Return an exact copy of the entries, skipping any picture you find.

■ ■ ■ ■ ■ ■ ■

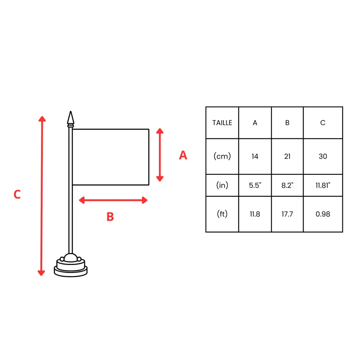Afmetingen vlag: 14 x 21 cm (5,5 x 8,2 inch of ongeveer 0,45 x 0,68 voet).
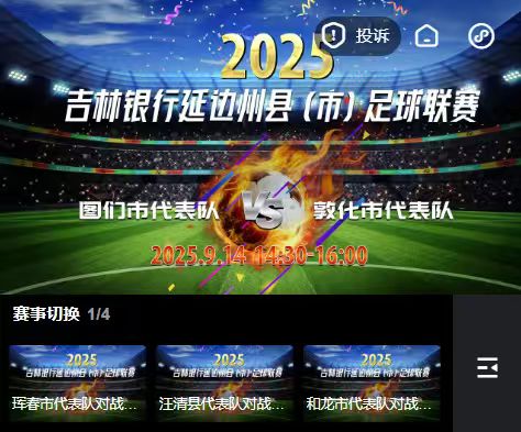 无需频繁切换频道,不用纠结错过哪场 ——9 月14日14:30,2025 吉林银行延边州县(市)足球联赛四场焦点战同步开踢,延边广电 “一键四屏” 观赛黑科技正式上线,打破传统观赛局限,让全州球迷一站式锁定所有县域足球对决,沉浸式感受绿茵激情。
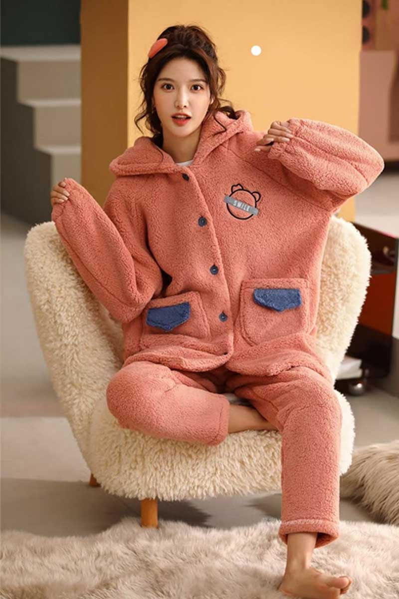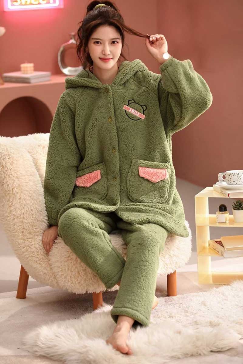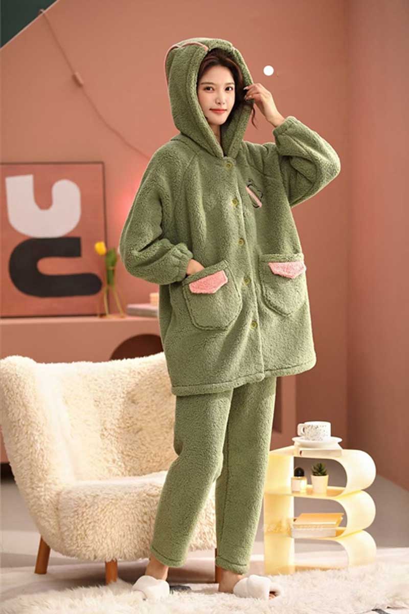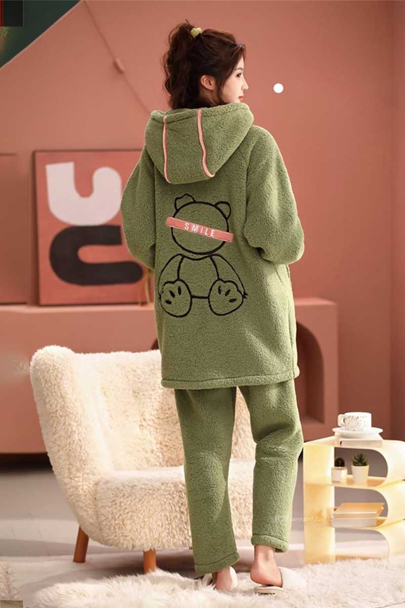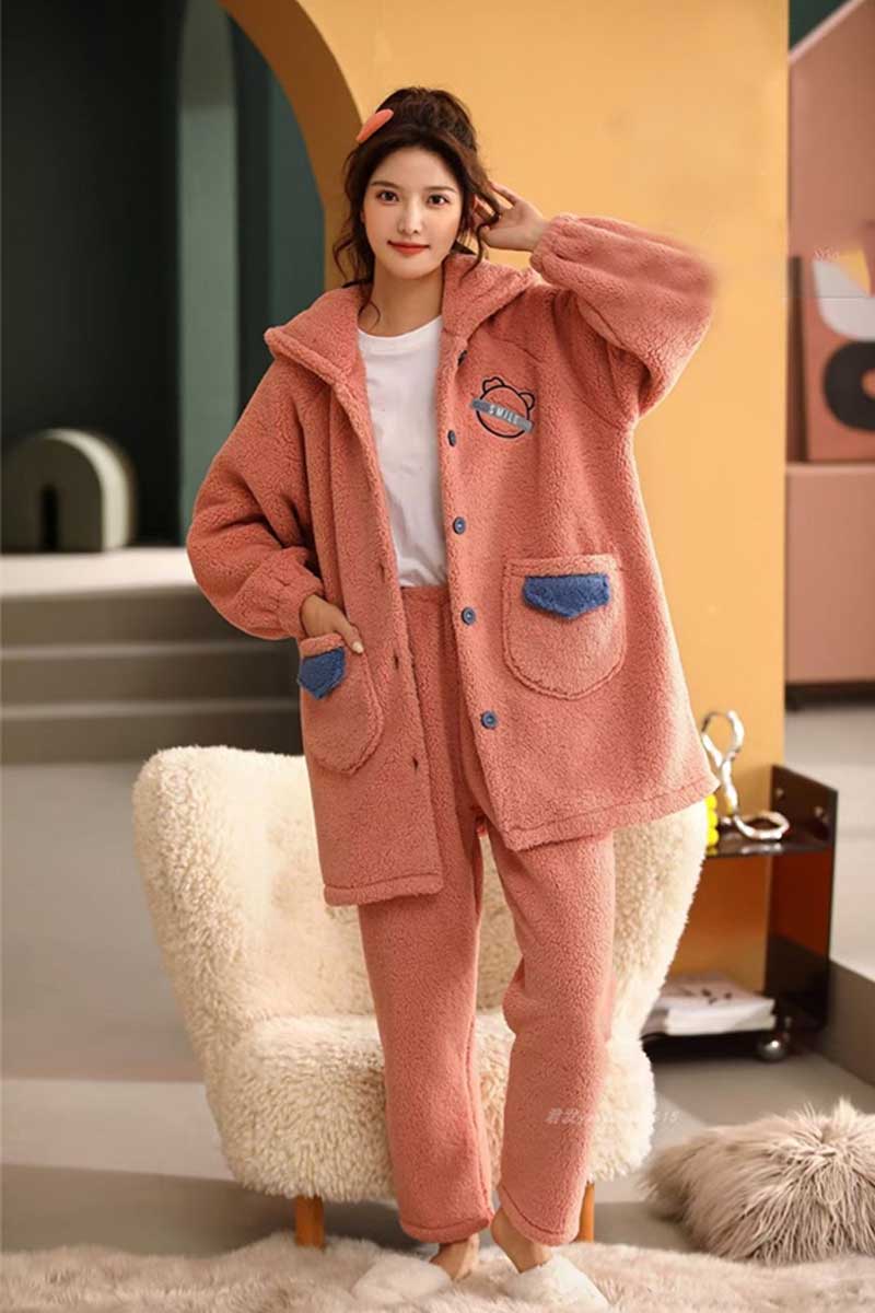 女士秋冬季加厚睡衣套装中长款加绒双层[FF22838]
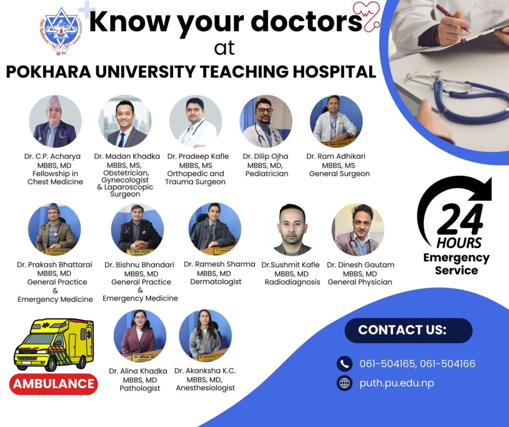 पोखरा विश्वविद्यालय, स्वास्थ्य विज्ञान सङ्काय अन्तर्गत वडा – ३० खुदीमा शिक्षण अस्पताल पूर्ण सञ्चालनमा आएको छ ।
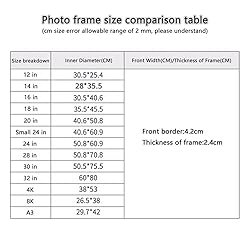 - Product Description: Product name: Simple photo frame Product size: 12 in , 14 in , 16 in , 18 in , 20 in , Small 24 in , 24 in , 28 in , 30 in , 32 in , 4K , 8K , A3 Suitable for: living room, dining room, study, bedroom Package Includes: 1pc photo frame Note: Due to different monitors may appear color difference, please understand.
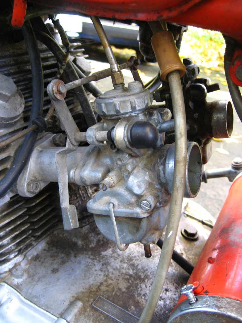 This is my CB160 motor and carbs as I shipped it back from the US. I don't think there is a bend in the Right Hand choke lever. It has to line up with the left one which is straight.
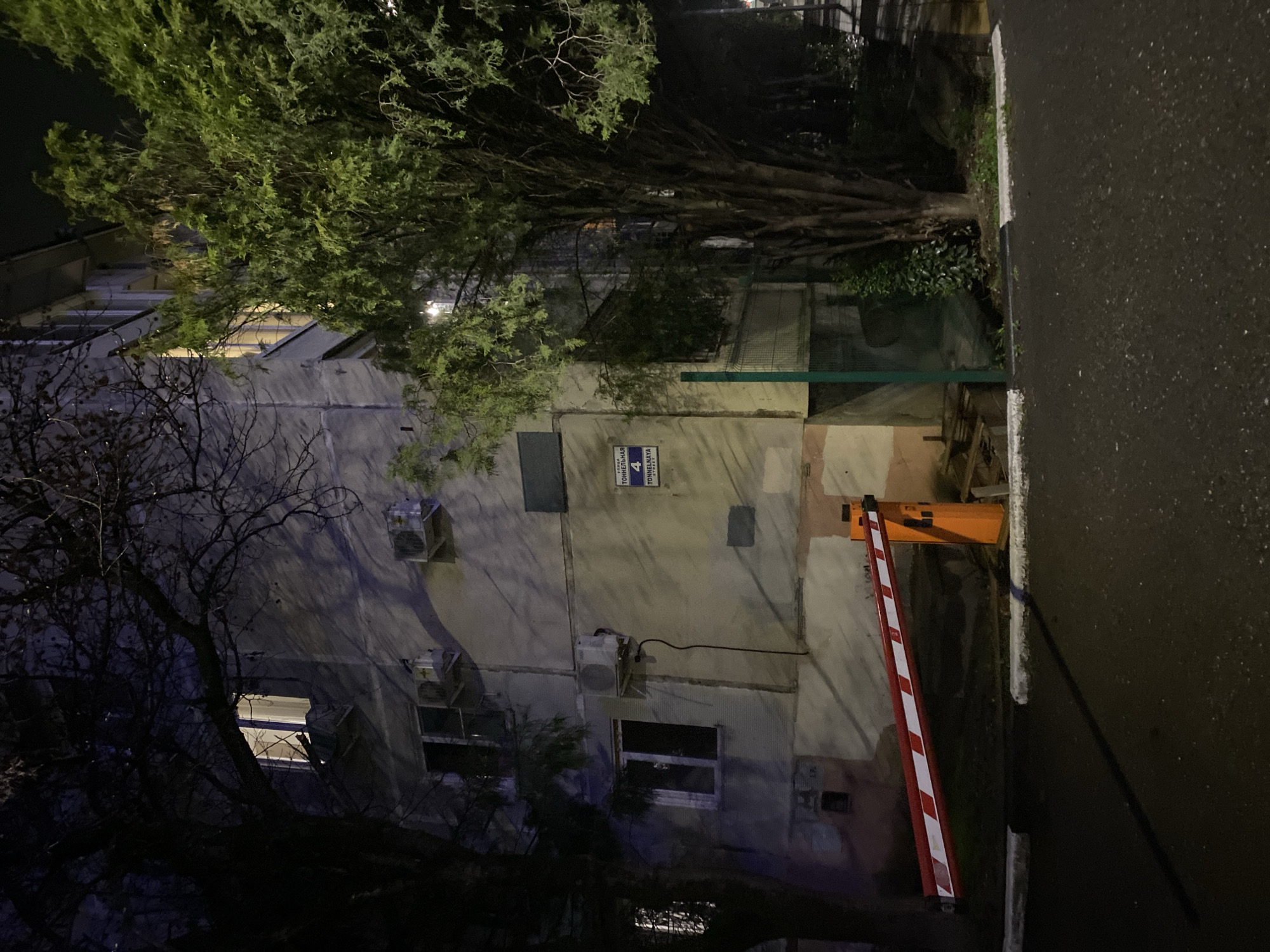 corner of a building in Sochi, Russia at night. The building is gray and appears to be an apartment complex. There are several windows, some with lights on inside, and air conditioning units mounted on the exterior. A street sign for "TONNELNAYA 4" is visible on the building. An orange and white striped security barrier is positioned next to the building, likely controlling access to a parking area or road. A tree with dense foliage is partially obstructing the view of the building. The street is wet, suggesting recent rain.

■ ■ ■ ■ ■ ■ ■

■ Response to this task
Afmetingen vlag: 14 x 21 cm (5,5 x 8,2 inch of ongeveer 0,45 x 0,68 voet).
 无需频繁切换频道,不用纠结错过哪场 ——9 月14日14:30,2025 吉林银行延边州县(市)足球联赛四场焦点战同步开踢,延边广电 “一键四屏” 观赛黑科技正式上线,打破传统观赛局限,让全州球迷一站式锁定所有县域足球对决,沉浸式感受绿茵激情。
 女士秋冬季加厚睡衣套装中长款加绒双层[FF22838]
 पोखरा विश्वविद्यालय, स्वास्थ्य विज्ञान सङ्काय अन्तर्गत वडा – ३० खुदीमा शिक्षण अस्पताल पूर्ण सञ्चालनमा आएको छ ।
 - Product Description: Product name: Simple photo frame Product size: 12 in , 14 in , 16 in , 18 in , 20 in , Small 24 in , 24 in , 28 in , 30 in , 32 in , 4K , 8K , A3 Suitable for: living room, dining room, study, bedroom Package Includes: 1pc photo frame Note: Due to different monitors may appear color difference, please understand.
 This is my CB160 motor and carbs as I shipped it back from the US. I don't think there is a bend in the Right Hand choke lever. It has to line up with the left one which is straight.
 corner of a building in Sochi, Russia at night. The building is gray and appears to be an apartment complex. There are several windows, some with lights on inside, and air conditioning units mounted on the exterior. A street sign for "TONNELNAYA 4" is visible on the building. An orange and white striped security barrier is positioned next to the building, likely controlling access to a parking area or road. A tree with dense foliage is partially obstructing the view of the building. The street is wet, suggesting recent rain.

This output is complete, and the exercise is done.